Both writers give you a strong sense of place. There’s plenty of context for figuring the characters out. With Russo it’s often upstate New York, past its industrial peak. Most of Ford’s trilogy is set in the leafy part of New Jersey. With Frank’s second career in real estate, we get a close look at what that’s all about. In a way, the differences in locations proxy for differences in characters. Russo’s Joe Blow is more likely to be working class whereas Ford’s people are middle- to upper middle-class. Maybe because he grew up with the type, Russo has always been great at giving seemingly simple guys fully sketched lives. With a background in academics, he can create characters from that world, too, but he often gives them a tweak for taking themselves too seriously. Maybe part of the reason I view Frank as truer to life is that I’m more likely to encounter his ilk. With guys like him you can sense the polished surface, but can also guess at what makes appearances deceptive.

Both great authors; and a great question, Susan.

message 3: by Susan (last edited May 29, 2009 10:35AM) (new)

Susan I might have guessed that you'd conclude that Russo likes his characters more than Ford. This is based on your own comments and my familiarity with Russo's work. I found Sully from Nobody's Fool and the dad in The Risk Pool appealing despite their numerous flaws (and my perhaps natural antagonism at the way those two handled their roles as spouses and fathers). Russo's natural affection for those guys really shone through in the writing and consequently opened my mind. This allowed me to enjoy a fuller appreciation of their characters than I might have otherwise.
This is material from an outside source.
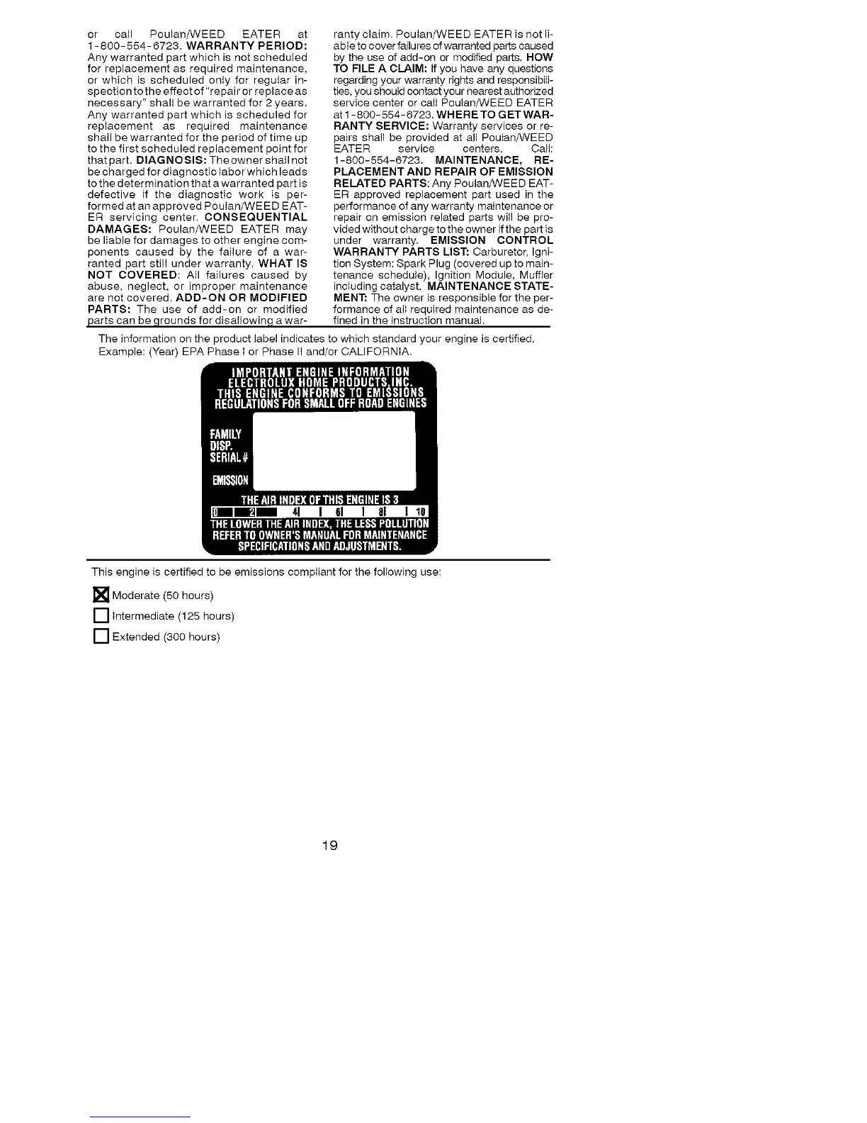 or call Poulan/WEED EATER at

Even though your comments about some aspect's of Frank's behavior have been guarded and less than fully positive, I'm more than willing to give The Sportswriter a chance to win me over.

Steve I'm glad to hear you say that, Susan. I think The Sportswriter is a good one for you to try. You've always understood male characters well, and connections with others of the species through sports is something you've picked up on previously, too.
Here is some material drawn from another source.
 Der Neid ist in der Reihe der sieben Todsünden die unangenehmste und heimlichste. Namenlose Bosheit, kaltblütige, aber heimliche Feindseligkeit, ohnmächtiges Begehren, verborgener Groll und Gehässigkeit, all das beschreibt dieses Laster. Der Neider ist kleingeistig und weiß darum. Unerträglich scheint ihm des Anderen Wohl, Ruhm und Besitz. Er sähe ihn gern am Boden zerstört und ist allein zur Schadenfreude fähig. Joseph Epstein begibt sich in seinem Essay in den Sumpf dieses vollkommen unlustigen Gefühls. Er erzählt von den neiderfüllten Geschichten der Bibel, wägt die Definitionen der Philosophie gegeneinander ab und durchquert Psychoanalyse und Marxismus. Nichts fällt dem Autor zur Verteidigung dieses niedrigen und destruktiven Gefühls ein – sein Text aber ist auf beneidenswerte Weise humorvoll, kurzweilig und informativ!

If you go on to read the whole trilogy, I'll be curious to hear your thoughts on how Frank evolved. It's interesting to track how Ford's writing changes, too. Maybe you'll read them in quicker succession than I did and can see the modulations more clearly.

Please hurry up with that Dickens you're on so I can hear your thoughts on Frank.

Robert Great review, as always, Steve. I still need to do my Rabbit Angstrom/Frank Bascombe review-off. I've never read any Russo, though I've long heard that's good. I'll have to correct that soon.

Steve Yes, Robert, you did raise our hopes some time ago with talk of a Frank/Rabbit encounter. Please feel free to write it even before I start in on the Updike. I won't let your insights bias me, much.

A good Russo to try to get a sense of his style is Nobody's Fool. As my book-loving better half can confirm, Sully is not the only memorable character in that one. (Right, Susan?) You should get some chuckles out of several from that cast.